> **Available data**
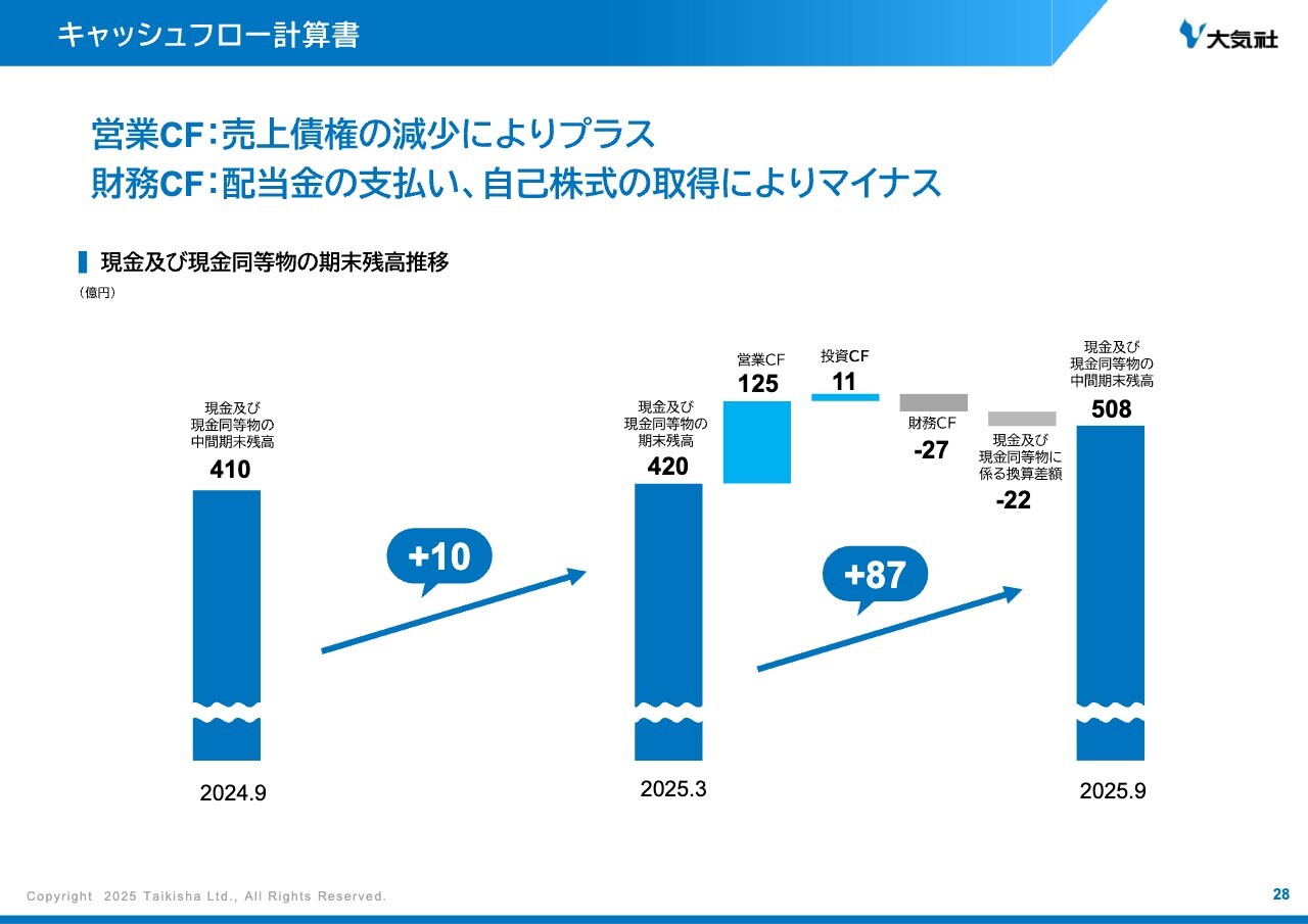 2026年3月期第2四半期の現金及び現金同等物の期末残高は、2025年3月期末より87億円増加し、508億円となりました。
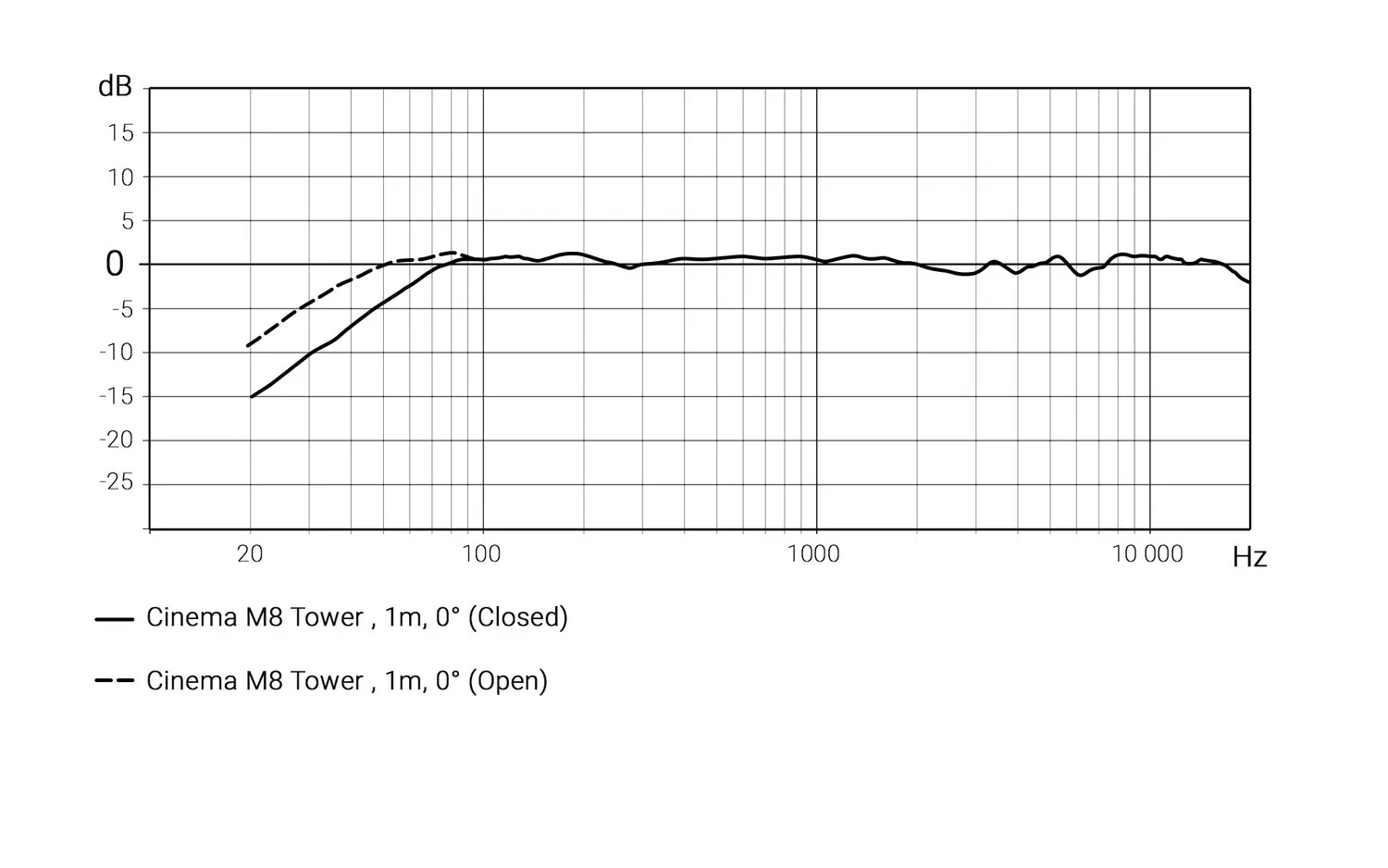 Thanks to its floorstanding design the M8 Tower digs deeper than its bookshelf counterpartreaching all the way down to 29 Hz. This allows it to reproduce everything from the subtlety of whispered dialogue to the full force of an on-screen explosion with total control and claritycreating an uncompromised immersive experience even in rooms up to 120 m².
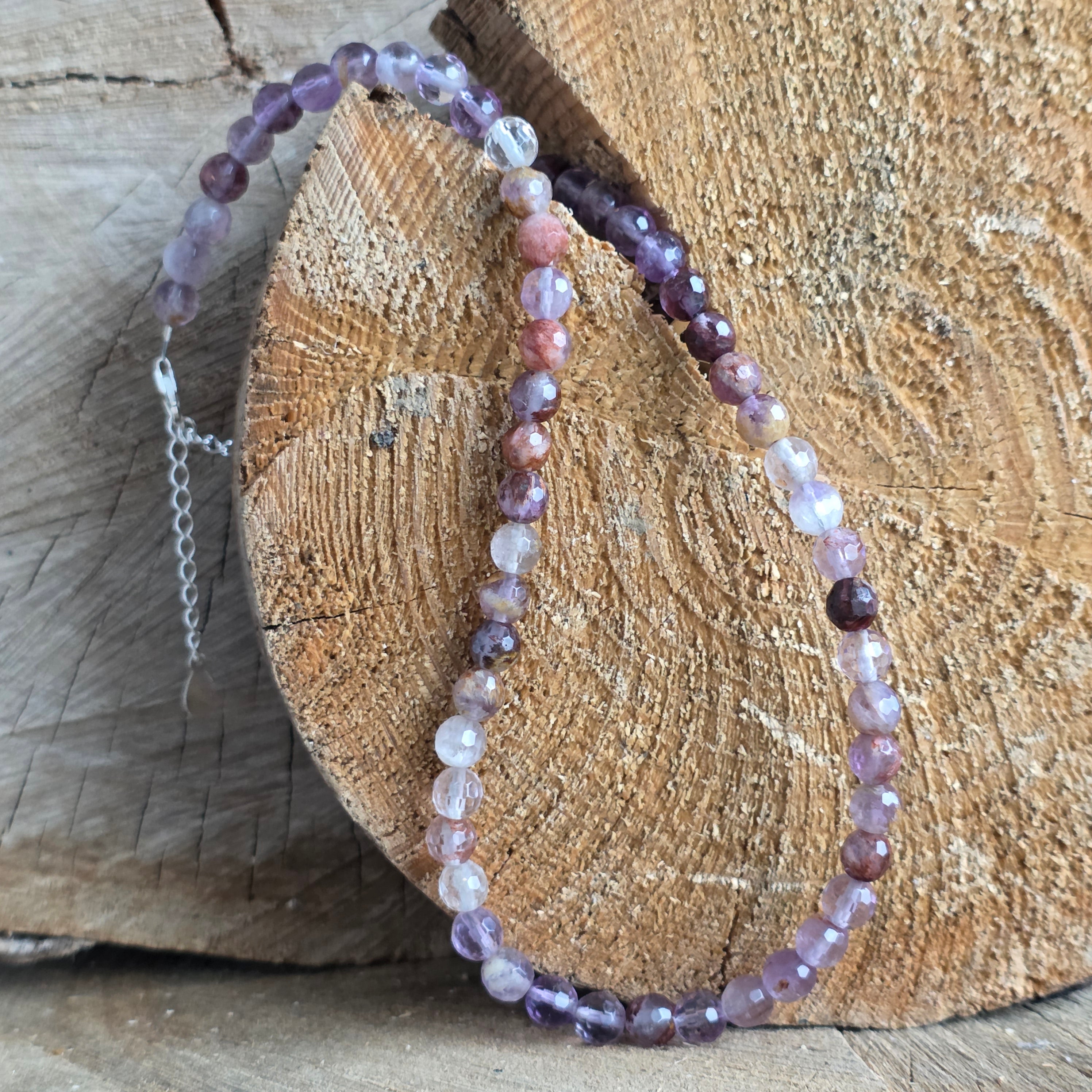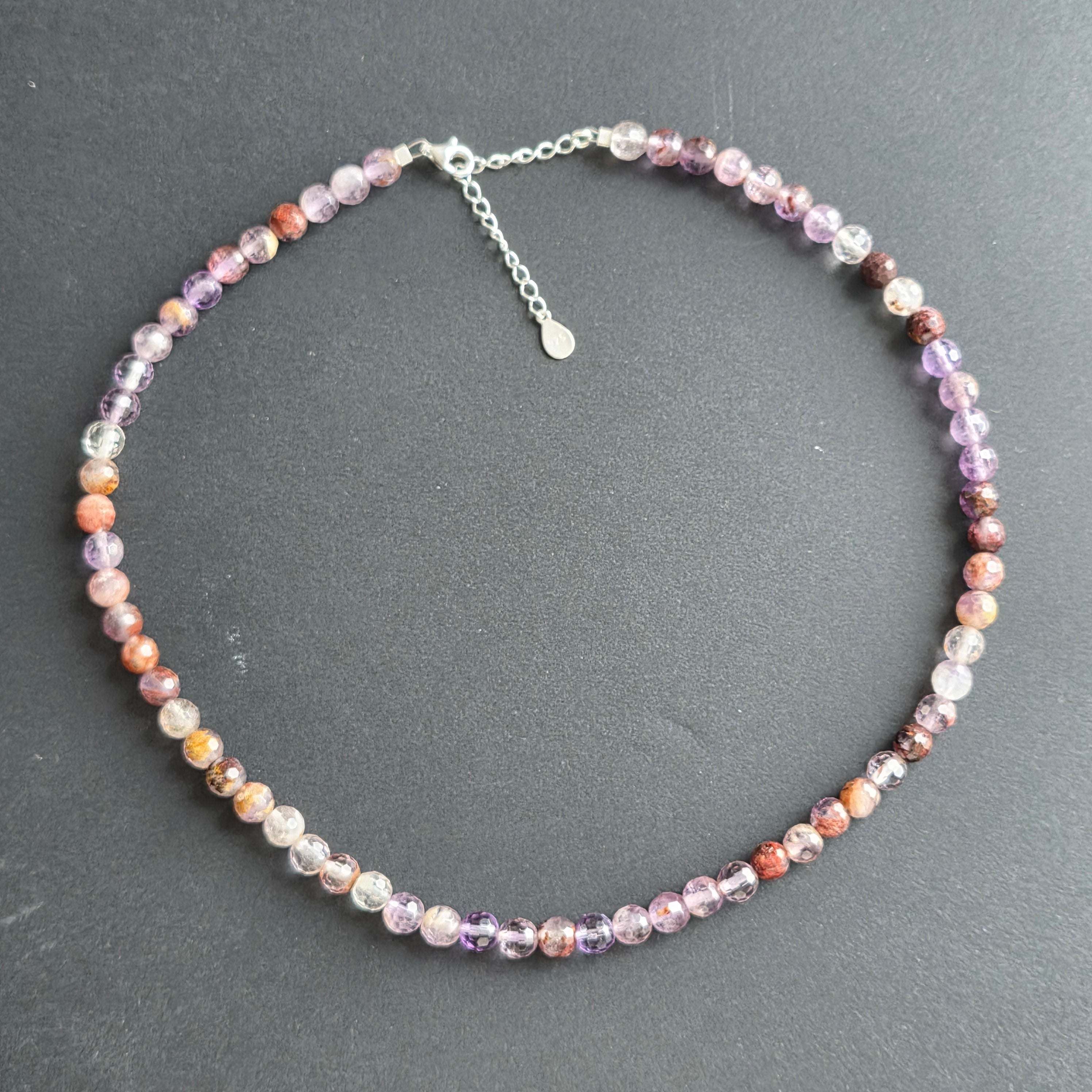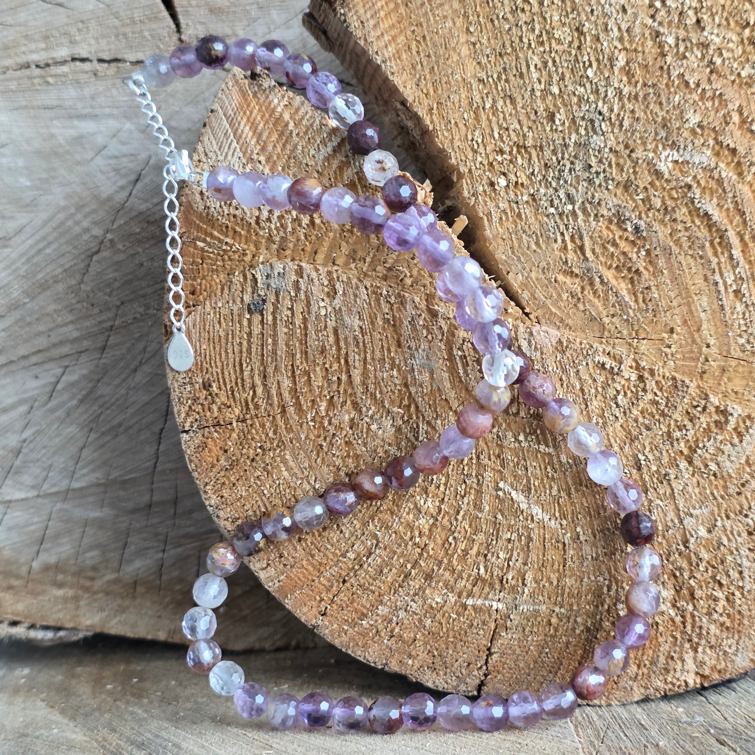 Materiale: Super Seven natural, sfere fatetate 6 mm, argint 925
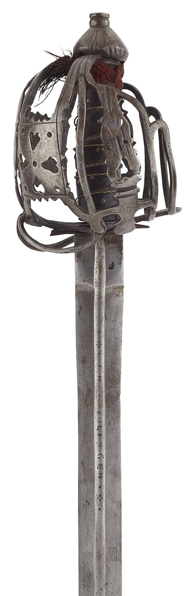 the basket formed of round section bars cut with grooves, the side guards with hearts pierced on each plate, large asymmetrical basket with missing wrist guard, the pommel cut with grooves the wooden grip bound with black leather, and loose brass wire the blade struck in the fuller CLEMENT BRACH XXIN SOLINGEN and with an armourer's mark.

> **Work order**
Reproduce exactly the lines from the one with "Materiale: Super Seven" to the bottom of the listing, both ends included, and nothing else. Skip the pictures.

> **Result**
 Materiale: Super Seven natural, sfere fatetate 6 mm, argint 925
 the basket formed of round section bars cut with grooves, the side guards with hearts pierced on each plate, large asymmetrical basket with missing wrist guard, the pommel cut with grooves the wooden grip bound with black leather, and loose brass wire the blade struck in the fuller CLEMENT BRACH XXIN SOLINGEN and with an armourer's mark.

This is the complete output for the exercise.